# German Warmblood Mare Eventing



## si.klaunig (Apr 10, 2015)

Hey Everyone,

This is my first post so please be kind  
I'm currently looking for an eventing horse for middle-high levels and I've found a couple but my favorite so far is this German Warmblood mare. She's 9 and has done eventing in the lower levels. 
I would love for someone to critique her overall, especially her jumping technique. 
Also I noticed in one of her pictures that she sometimes slightly crosses her front two legs when jumping. I was wondering how this could affect her further on, how serious it is and if it is not too difficult to correct?

Thank You!


----------



## CandyCanes (Jul 1, 2013)

Obviously we cannot tell anything at all about conformation from these pictures, as the horse must be squared up, in good lighting. 
Her overall jumping technique is good, with a nice bascule and I would not be overly worried about her crossing her front legs, as long as she has them uncrossed by the time she lands. The real test will be if she is able to maintain the same jumping style under a rider Some horses can loose jump fantastically, however under a rider their jumping style is less than impressive. However most of the time this is down to the rider hindering the horse over the fence.
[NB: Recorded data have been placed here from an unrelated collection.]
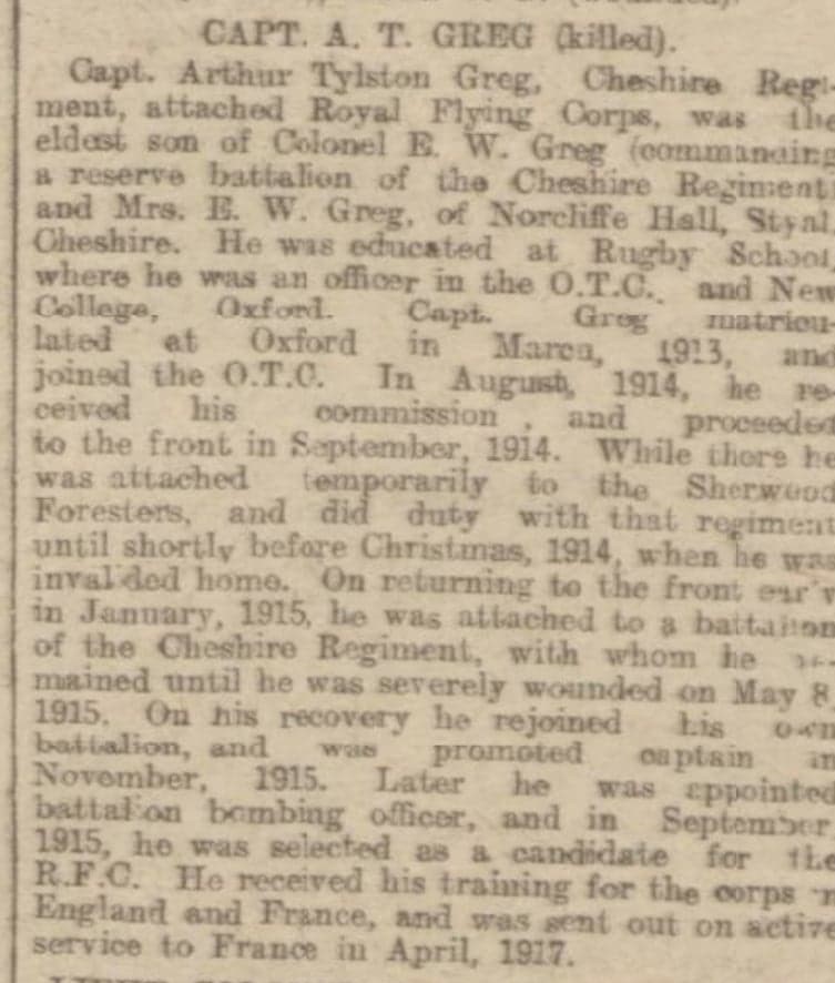 At the outbreak of war, Arthur joined 15 August 1914, initially as a 2nd Lieutenant in the 3rd Reserve Battalion Cheshire Regiment. He was drafted to France, 25 October 1914, where he was attached to the 2nd Battalion, Notts and Derby Regiment, (Sherwood Foresters), 18th Brigade, 6 Division. Arthur was invalided home, however, once recovered he returned to the Front line in January 1915, and was attached to the 1st Battalion Cheshire Regiment, who were in the 15th Brigade, 5th Division. On 2 February 1915 he was promoted to Lieutenant, yet again he was severely wounded at Ypres on 6 May 1915, shot through the jaw by a German sniper, he was taken to No 7 Stationary Hospital, Boulogne, and then sent home for 3 months recuperation. Arthur was promoted to Captain, 19 November 1915 with the 3rd Reserve Battalion, Cheshire Regiment, having qualified as Bombing Instructor at the Bidston, Wirral, training camp in September 1915. His next move came when he was attached to the Royal Flying Corps as a candidate, training in England and Vendome, France, in September 1916. On 28 February 1917 he was moved to the 44th Reserve Squadron. He was gazetted, AIR 76/195/99, 27 March 1917, Flying Officer Captain A. T. Greg. Arthur joined the 55th Squadron on 4 April 1917 and nineteen days later, flying at about 18,000 feet he was shot, his observer managed to bring the machine down, just inside the French lines at Urvillers neat St Quentin, he died Monday, 23 April 1917, of his injuries, he was aged 22 years.
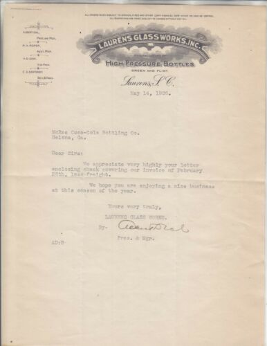 LAURENS GLASS WORKS INC. LETTERHEAD DATED MAY 14, 1926
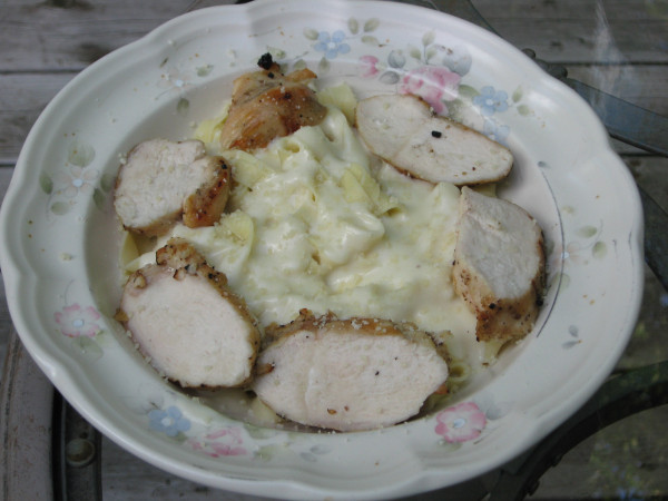 We paired the Soter Pinot Noir with Fettuccini Alfredo with a grilled chicken breast.  This was a marvelous pairing; the acidity in the Pinot cut through the rich Alfredo sauce and added a nice earthy, spicy element to the meal.  This pairing wouldn’t work with a big, rich, California Pinot Noir, but the one from Oregon was top notch.

She looks promising for eventing, and seems to enjoy jumping, and attacks the fence, which is exactly what you want. I would like to see her flatwork, as for the higher levels horses need to have a bit of wow in terms of movement, in order to get noticed. 
Good luck with her, if you buy her, she has potential.


----------



## si.klaunig (Apr 10, 2015)

Thank you CandyCanes! Your reply was very helpful! As for the conformation shot I still have to get that of the owner  Thanks for bringing up the information about loose jumping and under rider, because I hadn't actually thought of that  I'm going to go see if I can get a picture of her jumping under a rider. I have videos of her flatwork on my phone that her owner sent me and she has nice movement, and I'm not quite sure how to post videos on here


----------



## jaydee (May 10, 2012)

The WB's are starting to appear on the eventing circuits - but they are being 'purpose bred' as on the whole they simply aren't as scopey as the TB's and lack the ability to think for themselves to get out of trouble.
That horse looks to have a big long jump in her - but if you want to progress up through the levels I would be very put off by that front leg crossing action she has.
Does she move straight when trotted up on a flat hard surface?


----------



## si.klaunig (Apr 10, 2015)

Thanks Jaydee for the information . I'm working on getting the video sorted for the flatwork, I haven't gone to see her yet as I'm currently out of the country but plan on doing so, soon. I will ask the owner about how often the leg crossing occurs when I meet with her. I haven't mentioned the leg crossing yet and in the videos of her jumping under saddle she doesn't seem to cross them..but I agree with you that I should look further into that. The mare is 1/4 TB from her mother's side which is a pus, however the TB vs WB issue isn't of the greatest concern for me tbh 

edit: I have actually taken a closer look at the third picture and now I'm actually not quite sure if she is crossing her legs? Could it just be the angle? Or maybe it might just be me being biased ;D


----------



## si.klaunig (Apr 10, 2015)

Edit:I was just looking over the photograph again, and I realised that could it be possible she's not actually crossing her legs? Could it just be a bad angle? Or it might just be me being biased ;D


----------



## jaydee (May 10, 2012)

It could be the angle of the photograph - its possible that she drops one leg slightly below the other - in a horse loose jumping not such a big problem and one that could be fixed simply by work and conditioning


----------



## si.klaunig (Apr 10, 2015)

*Under rider (jumping)*

So I've finally figured out how to post another picture of the mare jumping under rider. Here it goes:


----------



## jaydee (May 10, 2012)

Can't really see her legs at all on that one but she does have a very scopey jump so worth going to try her so you can see first hand what those legs are doing


----------



## si.klaunig (Apr 10, 2015)

Thanks jaydee for the feedback  The owner sent me a couple of videos of her jumping and I took a screenshot of one of the jumps to post it on here as I don't think you can post videos, but I may be mistaken . Apologies for the blurryness of the picture  
I do really like the mare and I do like her jump so hopefully I will be able to go try her and see how it goes


----------



## jaydee (May 10, 2012)

You can post Youtube videos - or from sites that we don't class as social media or forums - Facebook is the main 'No No'


----------



## si.klaunig (Apr 10, 2015)

Thank you @jaydee! Once again you've come to my rescue  
Here's a link to a short clip of the mare doing some flatwork (this would need a little work  ) and at the end there are a couple of jumps. 

IMG_6348.MOV - 3.1 MB


----------



## jaydee (May 10, 2012)

My computer security won't let me view the video - a pop up for a Flash Player Pro download comes up that it doesn't like


----------



## updownrider (Mar 31, 2009)

jaydee said:


> That horse looks to have a big long jump in her - but if you want to progress up through the levels I would be very put off by that front leg crossing action she has.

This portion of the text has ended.